Who is a homeless child? A homeless child is one for whom the street rather than his/her family has become a home. This child may not necessarily be homeless or without family but lived in a situation of some form of abuse, neglect, deprivation or lack of supervision or love from their parents or caregivers.
These children live rough on the streets where survival of the fittest is the order of the day. They are guided by street rules and culture which is defined by a code of street ethics. They are exposed to all manner of diseases, drugs, prostitution and basically a decadent life style with no hope of them getting a formal education or vocational skill.

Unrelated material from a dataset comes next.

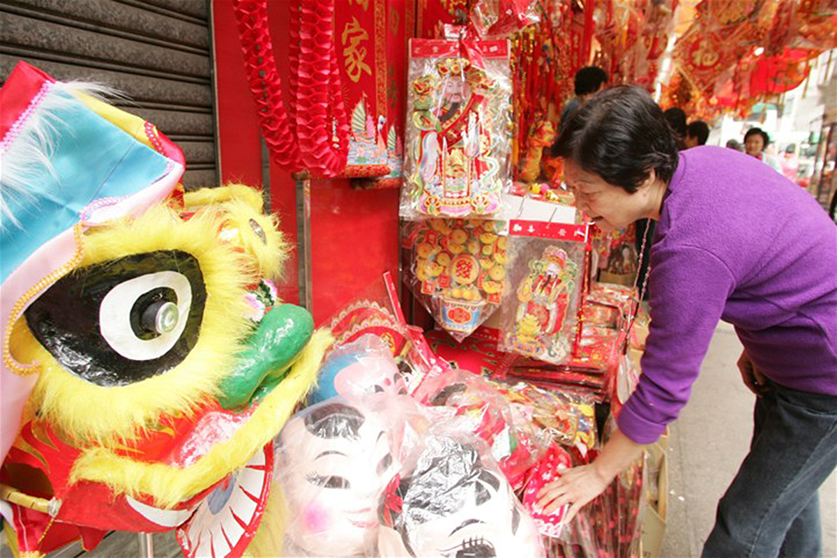 日本の正月と同じように準備期間があります。2月11日から17日までまず、銅鑼湾(Causeway Bay)の維多利亞公園(Victoria Park)、旺角(Mong Kok)の花墟(Flower Market)など14カ所で「年宵市場(Lunar New Year Fairs)」という、夜市が開かれます。香港市民は「五代同堂」…ツノナスと呼ばれるオレンジ色の植物を買う人が多いです。それだけではありません。旧正月用の飾り物、風車、ぬいぐるみなどいろいろなものが売っているので、行くだけで楽しめると思います。

On a day to day basis, these children beg for money or clean windshields in traffic, they function as load carriers in the markets, they dance at shows organized at Kuramo beach, the girls are into prostitution at Kuramo beach, and they work as conductors in the motor parks all so that they can feed themselves. Their living conditions are appalling and pitiful; they sleep in cardboard boxes covered with nylon sheets on the beach or sometimes sleep under the wooden cabins when it is raining.
When these children are still quite young, they may be viewed as ‘pitiable’ but by the time they reach puberty stage, they would have evolved into delinquents who are emotionally warped, criminally inclined, addicted to hard drugs and prone to violence.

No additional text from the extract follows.